> _What to do_
Each line of the data below between the one containing "Cherry blossoms illuminated" and the one containing "Complete your bedroom", both included, is to be repeated exactly. Please omit pictures.

> _Exercise material_
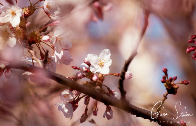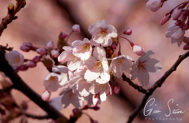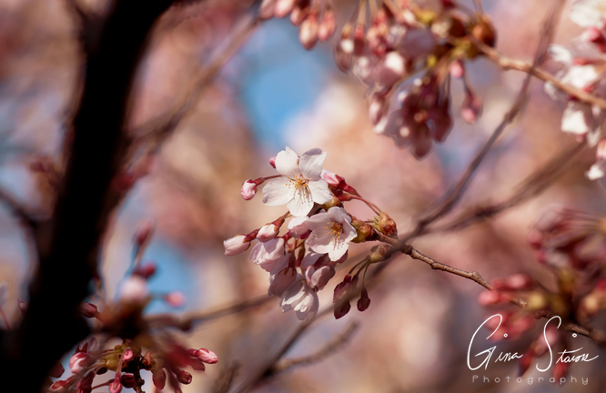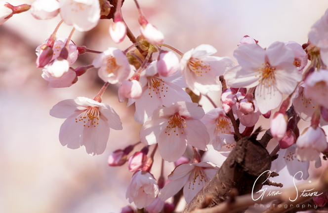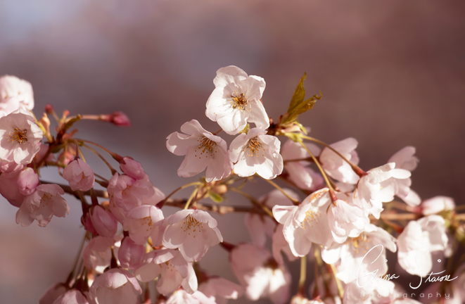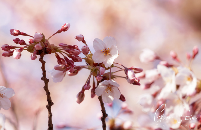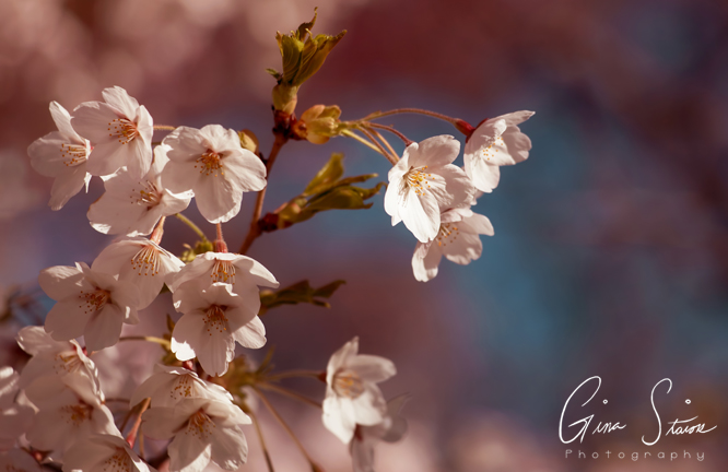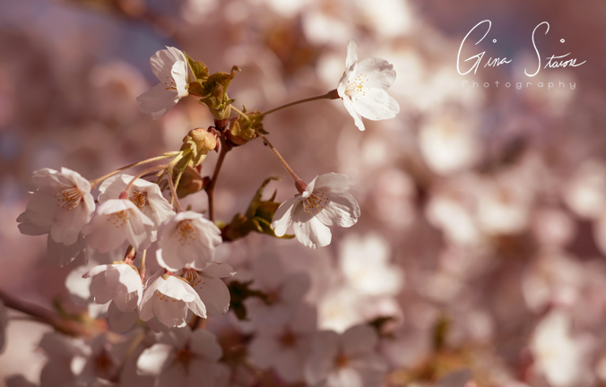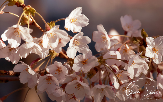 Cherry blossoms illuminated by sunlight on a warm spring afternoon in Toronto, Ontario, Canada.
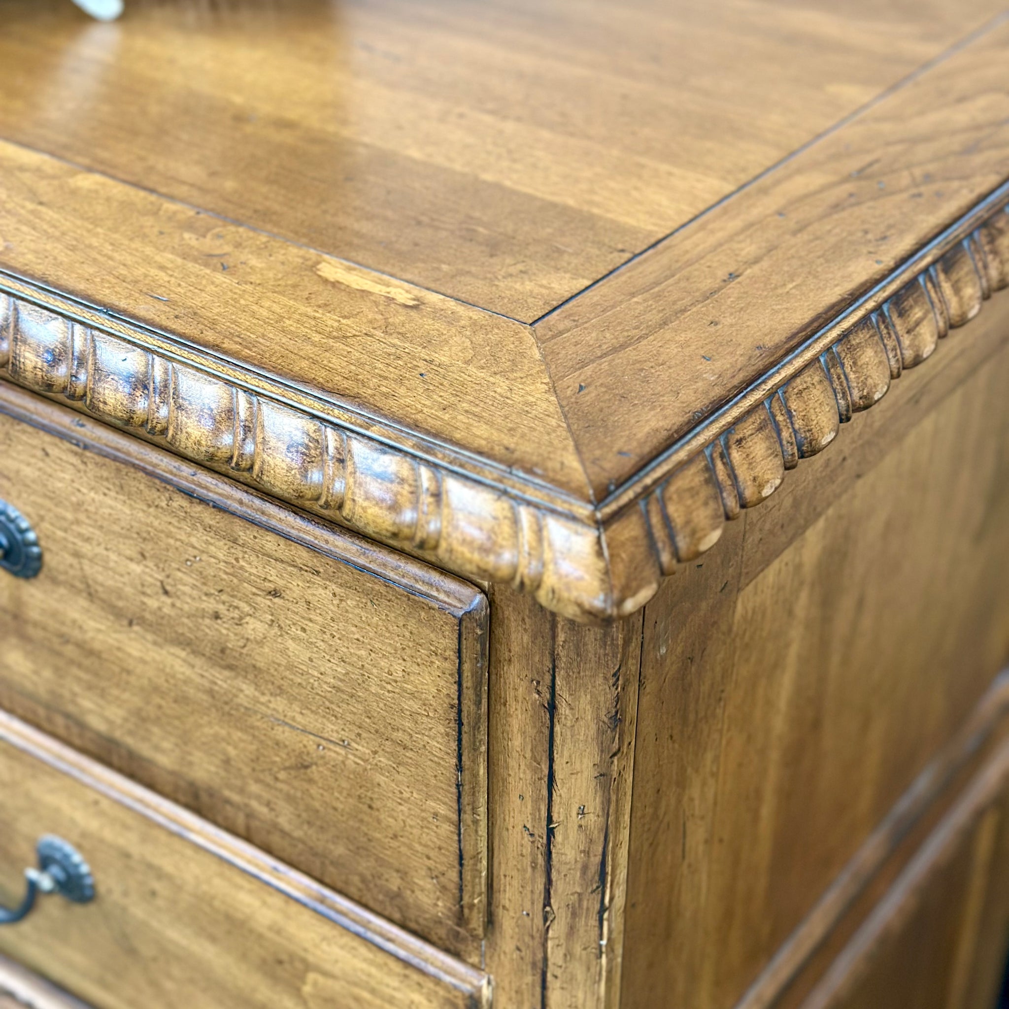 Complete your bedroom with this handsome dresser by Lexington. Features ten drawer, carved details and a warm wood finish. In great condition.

--

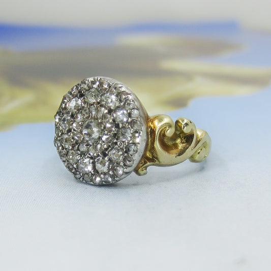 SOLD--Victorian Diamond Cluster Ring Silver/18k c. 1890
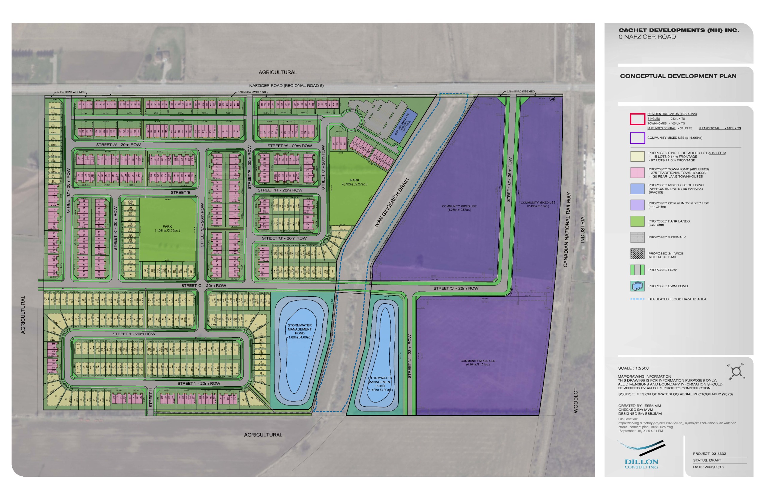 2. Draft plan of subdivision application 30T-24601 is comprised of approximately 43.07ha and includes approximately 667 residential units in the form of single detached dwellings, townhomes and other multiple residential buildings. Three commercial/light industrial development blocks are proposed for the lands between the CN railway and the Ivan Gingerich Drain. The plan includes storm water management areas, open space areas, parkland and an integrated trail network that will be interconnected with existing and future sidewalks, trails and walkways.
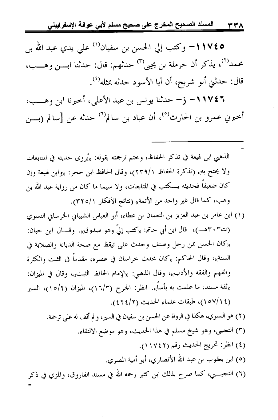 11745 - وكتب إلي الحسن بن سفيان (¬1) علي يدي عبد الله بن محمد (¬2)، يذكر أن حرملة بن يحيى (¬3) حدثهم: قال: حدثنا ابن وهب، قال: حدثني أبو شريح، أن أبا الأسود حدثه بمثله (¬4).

> _Answer to this task_
 Cherry blossoms illuminated by sunlight on a warm spring afternoon in Toronto, Ontario, Canada.
 Complete your bedroom with this handsome dresser by Lexington. Features ten drawer, carved details and a warm wood finish. In great condition.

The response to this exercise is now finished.